At least three people have withdrawn from consideration to lead Sen. Amy Klobuchar's nascent 2020 presidential campaign – and in part because of the Minnesota Democrat's history of mistreating her staff, HuffPost has learned.
Klobuchar, who plans to make and announce a potential presidential bid on Sunday in Minneapolis, has spent the past several months positioning herself to run for president. She's beloved in her state as a smart, funny and personable lawmaker and has gained national attention for her lines of questioning at high-profile hearings.
But some form Klobuchar staffers, all of whom spoke to HuffPost on condition of anonymity, describe Klobuchar as habitually demeaning and prone to bursts of cruelty that make it difficult to work in her office for long.
It is common for staff to wake up to multiple emails from Klobuchar characterizing one's work as "the worst" briefing or press release she'd seen in her decades of public service, according to two forms aides and emails seen at HuffPost.

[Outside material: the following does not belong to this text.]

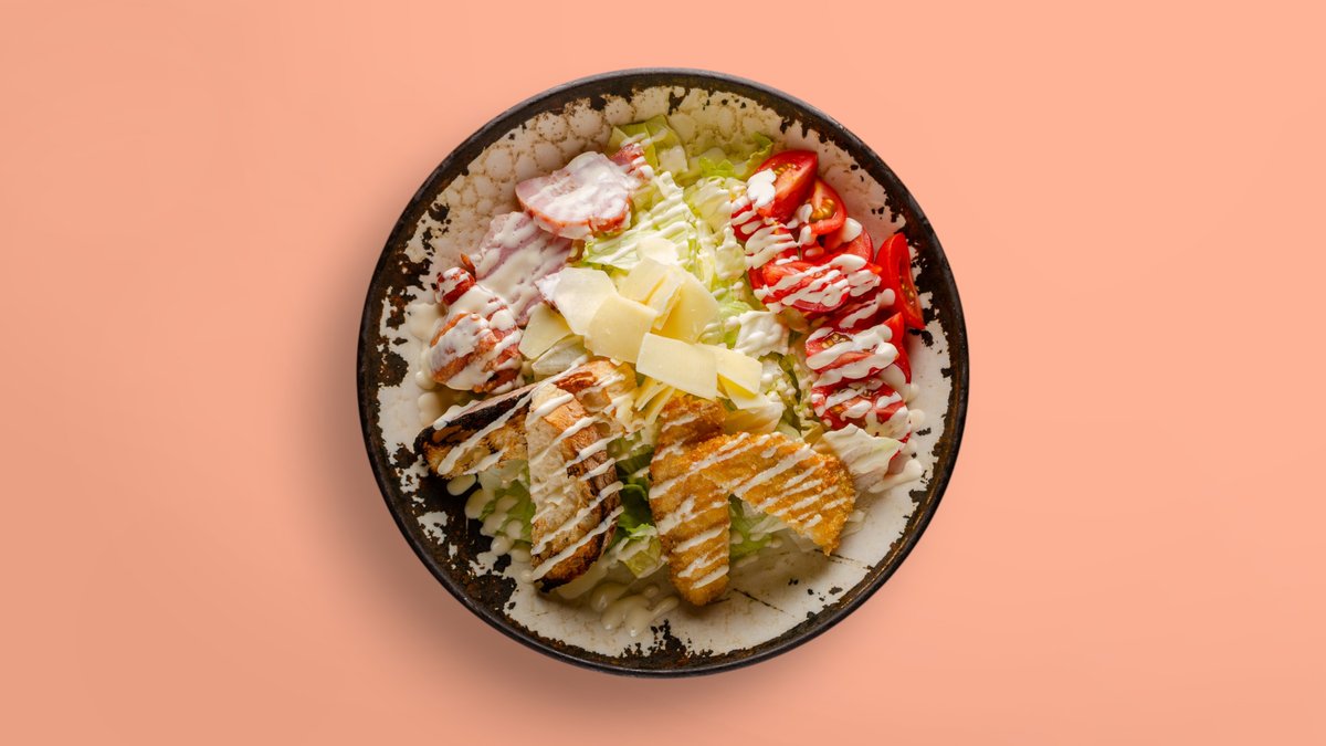 пиле бекон, салата айсберг чери домати, крутони, пармезан и дресинг 300гр

Although some staffers grew into her constant put-downs ("It always was the worst," "one said sarcastically," "It was the worst one two weeks ago"), others found it grinding and demoralizing. Adding to the humiliation, Klobuchar often cc'd large groups of staffers who were working on the topic at hand, giving the emails the effect of a public flogging.
"Senator Klobuchar loves her staff ̵
Some people who worked for Klobuchar say they valued the experience: Klobuchar has an unrivaled command of details, puts in long, enthusiastic hours, and simply demands that here office measures those same high standards, several forms staffers maintained. Those employees described working for her as a challenge, but an exhilarating one that caused them to grow and perform their best work. They question whether form co-workers who thought she was abusive were falling for sexist stereotypes about female leaders with high standards.

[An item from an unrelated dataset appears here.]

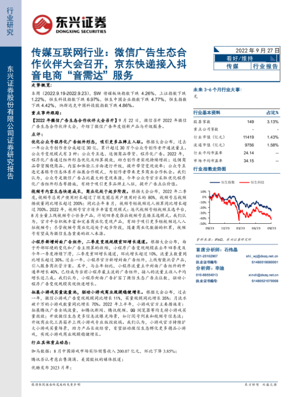 【东兴证券】【20220927】传媒互联网行业:微信广告生态合作伙伴大会召开,京东快递接入抖音电商“音需达”服务-13页 行业研究

Reached for comment, Klobuchar's office referred to HuffPost to multiple ex-staffers who shared glowing statements about working for here.
"I've heard people say it's tough to work for and I sometimes cringe when I hear it because I rarely hears that said about male bosses in Congress is the fact that half of Congress is tough to work for, ”said Tristan Brown, a former legislative aide who called Klobuchar“ probably the most brilliant, hardworking person I've had the privilege to work for. ”
Erik Garcia Luna, who worked in Klobuchar's Minneapolis office from 2009 to 2014, remembers her as a child. He said that she called her staffers during the 2013 government shutdown to check in with them and make sure they and their families were taken care of.
He said he had no idea why there were such divergent views from people who had worked for the senator: "I don't know what to make of them, to be frank."
Do you have more information on what it's like to work for Sen. Klobuchar – or other members of Congress? Get in touch: firstname.lastname@example.org
What is indisputable, however, is that Klobuchar's office consistently has one of the highest rates of staff turnover in the Senate. From 2001 to 2016, she ranked no. 1 in the Senate for staff turnover as measured by LegiStorm, a widely used database of congressional staff salaries. She's now third, behind Maryland Democrat Chris Van Hollen and Louisiana Republican John Kennedy.
And this is not the first time Klobuchar had issues building a team because of being mistreatment of staff
A former employee in her Senate office recalled her struggling to find an outside candidate to replace an outgoing chief of staff. A staffer in another Hill office recounted interest in a job opening with Klobuchar when a current staffer, the one conducting the interview, conveyed that avoiding Klobuchar's remorse was a significant part of the job.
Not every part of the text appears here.